ULTRASTRUCTURAL AND CYTOCHEMICAL STUDIES OF PLASMA MEMBRANE REGENERATION IN THE MYXOMYCETE BADHAMIA UTRICULARIS

Plasmodia of myxomycetes (plasmodial slime molds) are widely used as model systems in cell biological studies because of their interesting structural and physiological features, macroscopic size, and ease of culture. The following aspects of plasma membrane regeneration in the plasmodia of Badhamia utricularis are investigated: (1) Comparison of fixation methods for preserving the fine structure of plasmodial strands and cytoplasmic droplets; (2) Structural interpretation of events during experimentally induced plasma membrane regeneration; (3) Identification of intracellular compartments involved in membrane regeneration.; Several electron microscopy fixatives are compared for their ability to preserve the structure of cytoplasmic constituents, produce detailed high contrast membrane images, and ameliorate artifacts often encountered in the fixation of myxomycete plasmodia. An osmium tetroxide/glutaraldehyde-tannic acid/methylamine tungstate fixation schedule gives the best overall results. This fixation also has the advantage of rapidly arresting structural changes that occur during plasma membrane regeneration.; Experimental injury of B. utricularis plasmodial strands results in exudation of a cytoplasmic droplet that rapidly regenerates a plasma membrane at its surface. Regeneration involves fusion of membrane bound vesicles near the droplet surface. Several morphologically distinct layers also arise within the droplet. Some of these layers are separated from each other by flattened, membrane bound vacuolar spaces that result from vesicle fusion.
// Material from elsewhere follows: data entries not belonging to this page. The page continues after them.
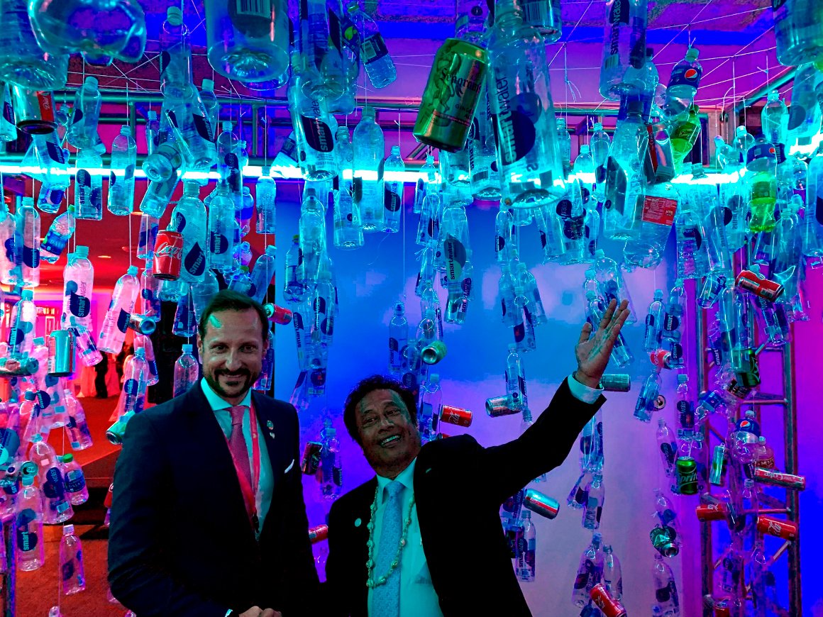 Utsmykningen av spisesalen i FNs hovedkvarter i kveld gjenspeiler mottakelsens tema. Gjestene passerer gjennom en installasjon av plastflasker når de ankommer. Totalt tre installasjoner designet av Quin Wu er satt opp i ulike deler av rommet, og hver av dem symboliserer utfordringer havet står overfor, som forsøpling og biodiversitet.
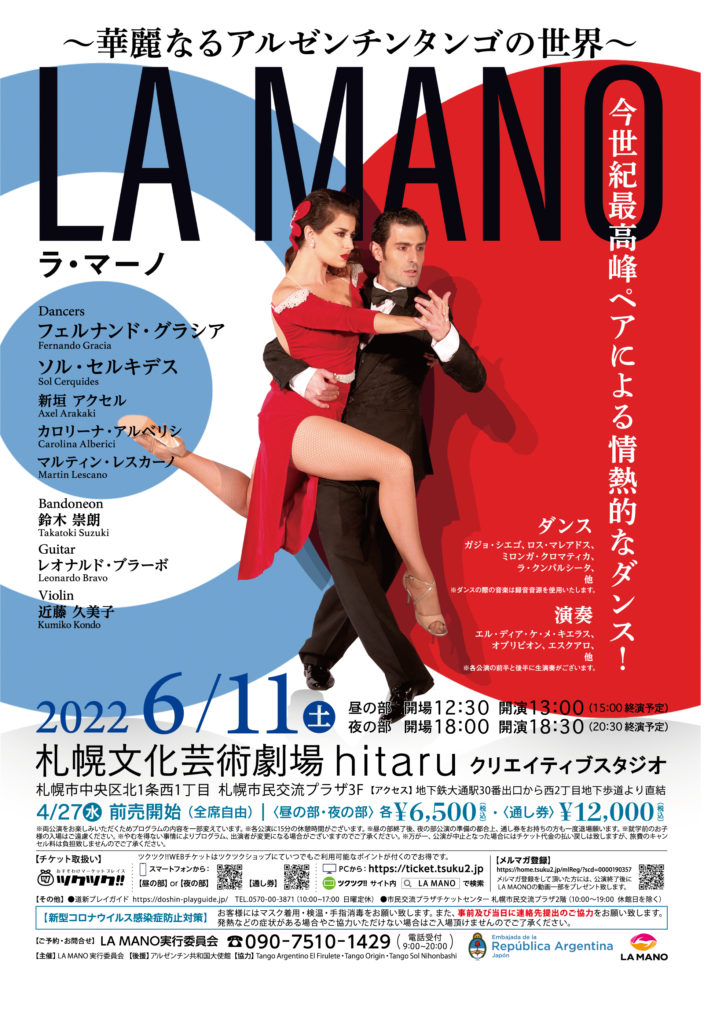 LA MANO (ラ・マーノ) はスペイン語で「手」を意味します。 この度、 アルゼンチンタンゴの世界において 最高峰ペアと称されるフェルナンド・グラシアとソル・セルキデスを中心に、 世界で活躍してきた才能 あふれるダンサーと演奏家達が、 手と手を取り合い最高の舞台を北海道の皆様にお届けします。 フェルナンドとソルは数々の賞を世界で受賞してきており、中でも芸術性の高い振付とパフォーマンス が評価され、2018年にはCITA (アルゼンチンタンゴ国際会議)において最優秀振付賞を受賞しています。 今回、彼らのパフォーマンスを待望していたファンのためにも、彼らの代表作を全てご覧いただけるよう、 2公演開催と致しました。 会場設営は本場アルゼンチンさながらのステージ四方囲みの配席とし、観客の 皆様が舞台のパフォーマンスをより身近に、臨場感あふれる形でご観覧頂けるようにこだわりました。 またとない夢のようなこの舞台を多くの皆様に存分にお楽しみいただきたいと思います。
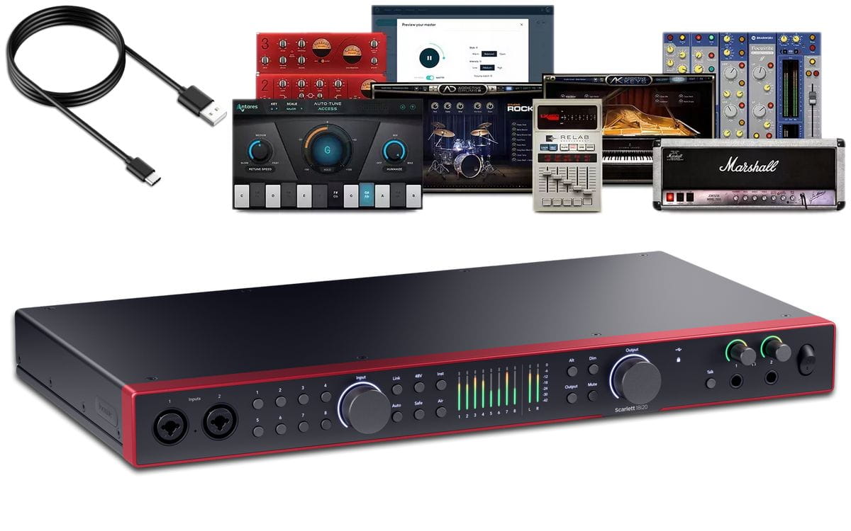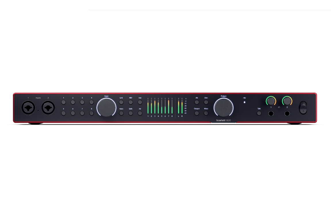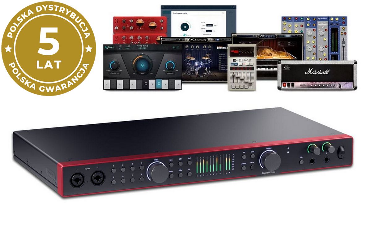 Scarlett 18i20 to wiodący w branży interfejs audio USB dla studiów muzycznych, z konwerterami zaczerpniętymi bezpośrednio z flagowej serii RedNet firmy Focusrite. Posiada 18 wejść i 20 wyjść - w tym osiem przedwzmacniaczy mikrofonowych, wejścia Hi-Z i liniowe, ADAT, SPDIF, MIDI i Word Clock.
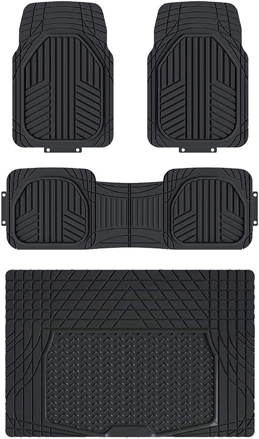 这四件套四季橡胶地垫保护您的汽车地板从污垢和碎片;一个深的托盘设计可以装水、雪、泥和盐。这些耐用的橡胶聚合物垫可以承受从零下到100多度的温度,而不会卷曲、开裂或硬化;增高的鞋跟垫可以抵抗磨损。
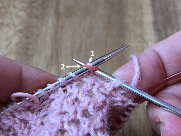 2. 2の目より前に出ないよう、右針を1の目に入れ表目を編む。
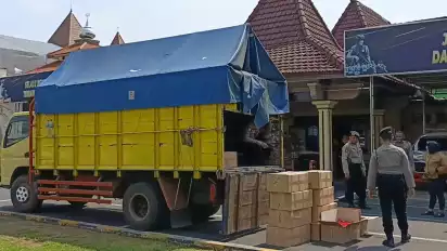 Mojokerto, tvOnenews.com - Truk pengangkut minuman keras disergap tim Samapta Polres Mojokerto Kota. Dari penyergapan tersebut, didapati 925 botol minuman keras jenis arak bali yang rencananya akan diedarkan di Kota Mojokerto, Jombang, dan Kediri.
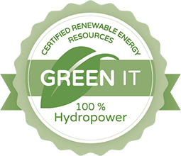 Zum Betrieb des Rechenzentrums wird 100 % Ökostrom aus Wasserkraftanlagen verwendet.
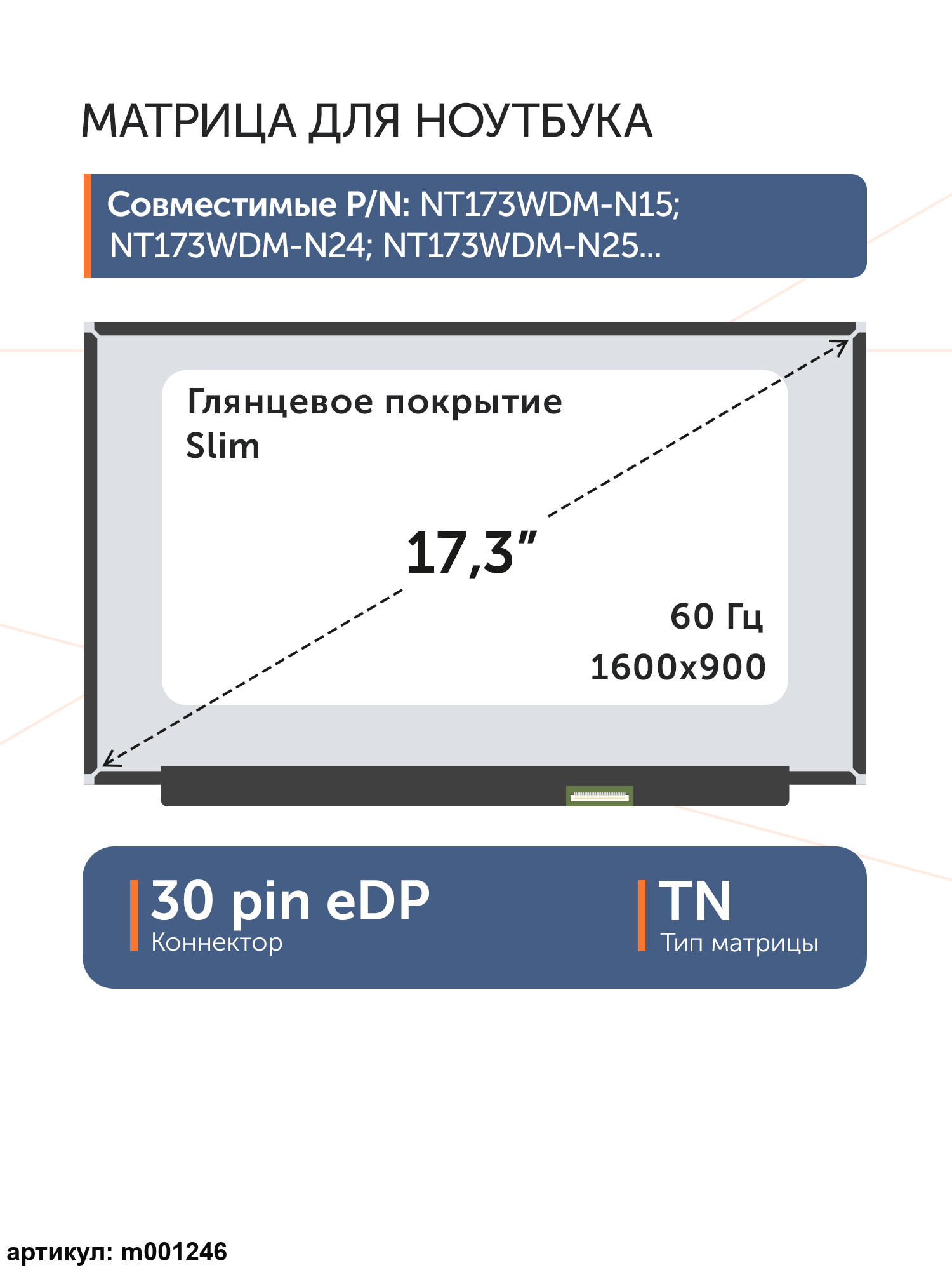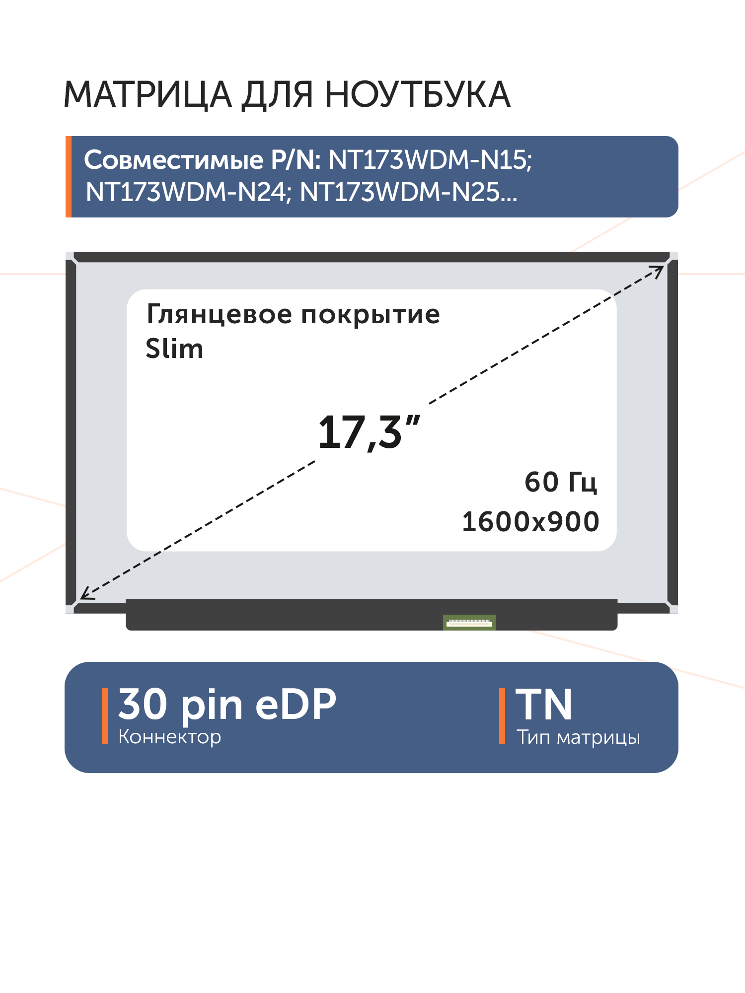 Совместимые модели: NT173WDM-N15, NT173WDM-N24, B173RTN03.1, B173RTN03.0, NT173WDM-N25, NT173WDM-N23

The extent and duration of vesicle fusion events may be regulated in part by gelation of the cytoplasmic droplet.; Endocytotic uptake of several types of colloidal gold particles, as well as E. coli cells, is used in conjunction with phosphotungstic acidchromic acid cytochemical staining to label the intracellular compartments involved in endocytotic processes and plasma membrane regeneration. Endocytotic vesicles and secondary lysosomes are major vesicle types contributing to the regenerated plasma membrane. These compartments are also contributors to the internal vacuolar spaces of cytoplasmic droplets. The membranes bounding these internal spaces may have the properties of plasma membrane as indicated by cytochemical staining.